> _ASSIGNMENT_
For the data that follows, print the line with "所謂「二桿」其實就是兩條大的", the line with "こんにちは。マスター・テッドです。 今日は9月9日 月曜日。", and all lines between them, exactly as they stand. Omit pictures and add nothing.

> _GIVEN INFORMATION_

<<<<

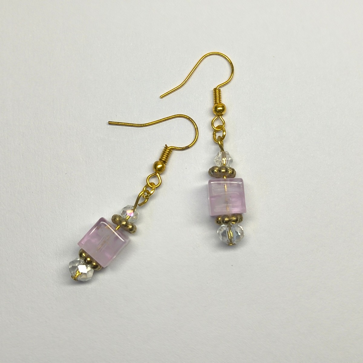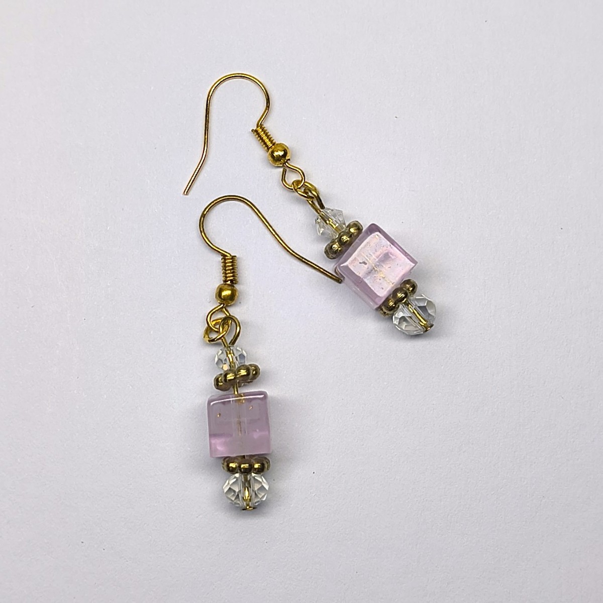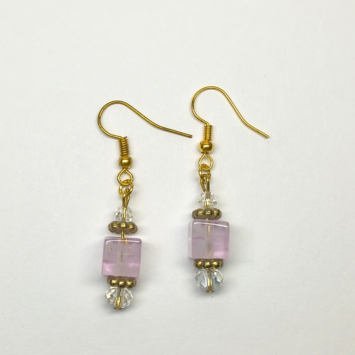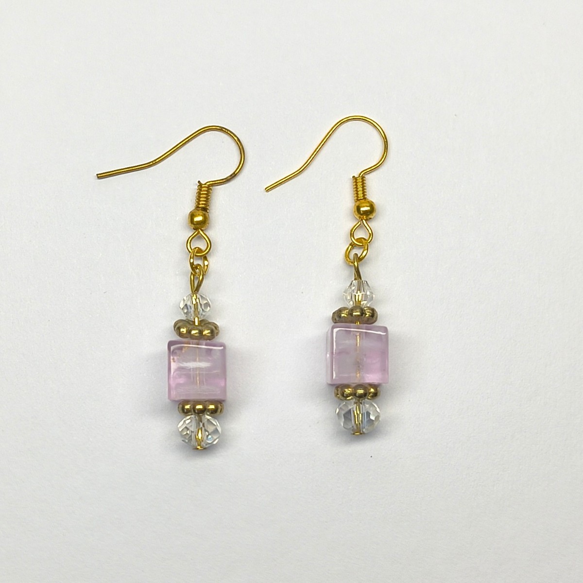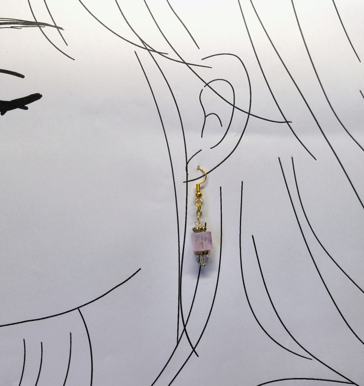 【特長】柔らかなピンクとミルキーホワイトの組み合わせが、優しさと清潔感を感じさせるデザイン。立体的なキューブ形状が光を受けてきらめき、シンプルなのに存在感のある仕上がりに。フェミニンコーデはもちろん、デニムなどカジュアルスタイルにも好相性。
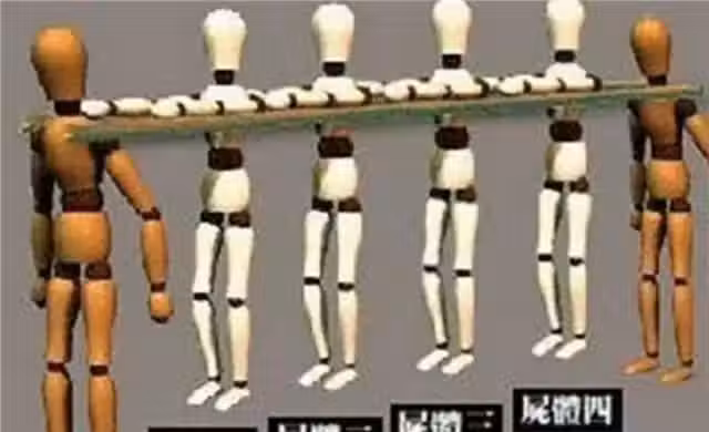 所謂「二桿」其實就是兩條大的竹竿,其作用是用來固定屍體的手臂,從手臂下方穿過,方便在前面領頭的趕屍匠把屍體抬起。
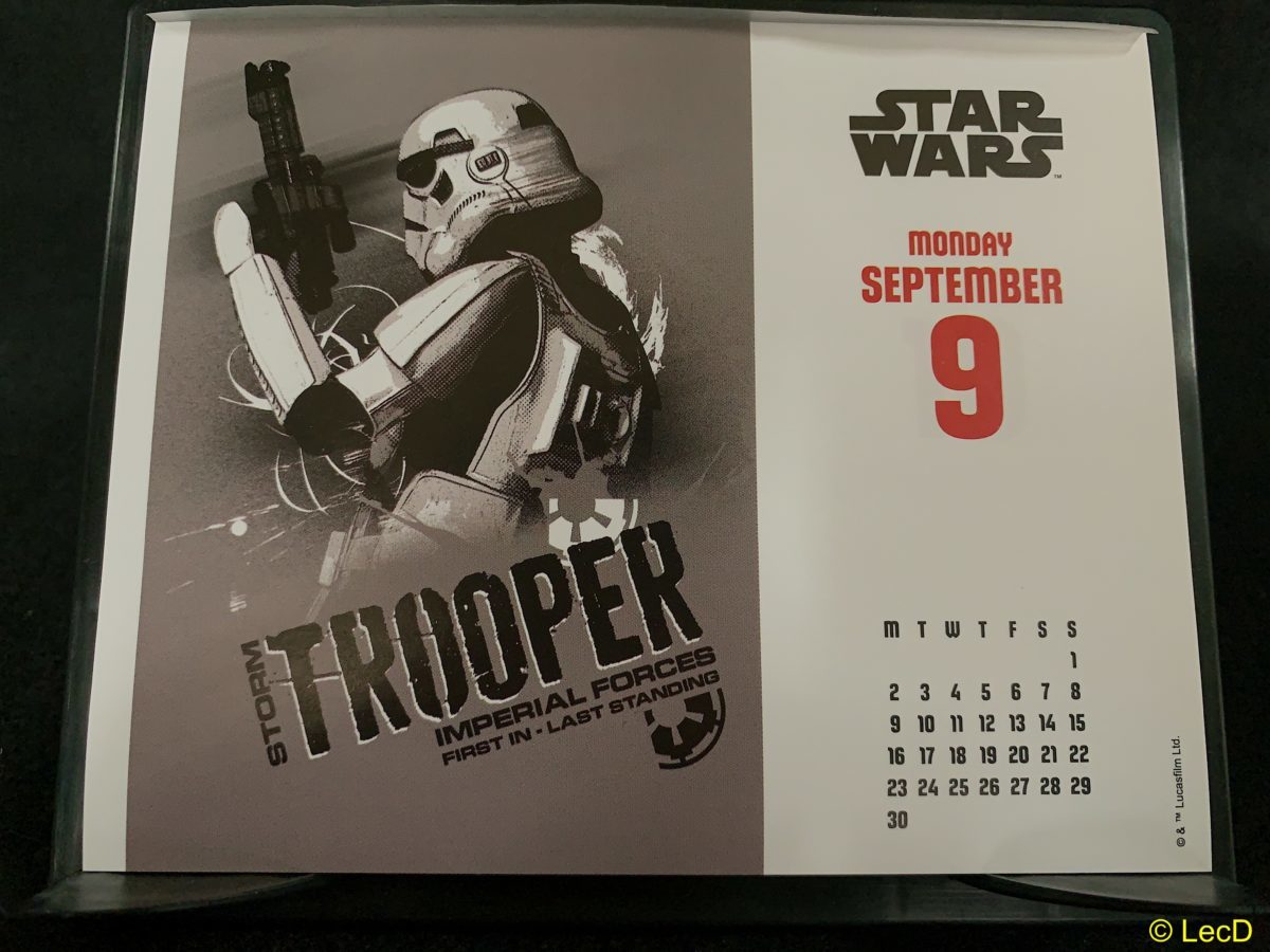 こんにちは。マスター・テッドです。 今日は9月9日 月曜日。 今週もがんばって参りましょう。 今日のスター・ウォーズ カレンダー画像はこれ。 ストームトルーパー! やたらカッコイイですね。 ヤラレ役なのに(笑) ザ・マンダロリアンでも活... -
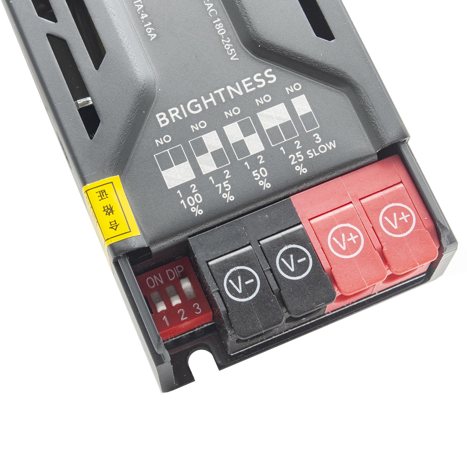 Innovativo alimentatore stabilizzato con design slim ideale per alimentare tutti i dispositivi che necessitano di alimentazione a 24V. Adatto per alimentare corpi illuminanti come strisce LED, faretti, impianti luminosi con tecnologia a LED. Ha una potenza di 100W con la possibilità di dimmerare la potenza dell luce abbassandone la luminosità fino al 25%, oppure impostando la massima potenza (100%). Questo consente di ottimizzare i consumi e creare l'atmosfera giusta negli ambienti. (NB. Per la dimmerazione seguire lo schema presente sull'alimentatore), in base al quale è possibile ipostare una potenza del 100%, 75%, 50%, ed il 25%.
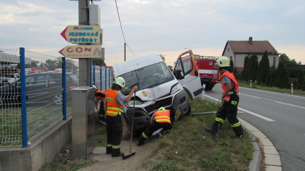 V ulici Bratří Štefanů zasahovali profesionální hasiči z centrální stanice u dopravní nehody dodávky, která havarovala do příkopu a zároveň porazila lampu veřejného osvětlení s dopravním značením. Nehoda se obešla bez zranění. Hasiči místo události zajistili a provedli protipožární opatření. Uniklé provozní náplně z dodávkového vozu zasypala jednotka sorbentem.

>>>>

> _ANSWER FOR THE TASK_
 所謂「二桿」其實就是兩條大的竹竿,其作用是用來固定屍體的手臂,從手臂下方穿過,方便在前面領頭的趕屍匠把屍體抬起。
 こんにちは。マスター・テッドです。 今日は9月9日 月曜日。 今週もがんばって参りましょう。 今日のスター・ウォーズ カレンダー画像はこれ。 ストームトルーパー! やたらカッコイイですね。 ヤラレ役なのに(笑) ザ・マンダロリアンでも活... -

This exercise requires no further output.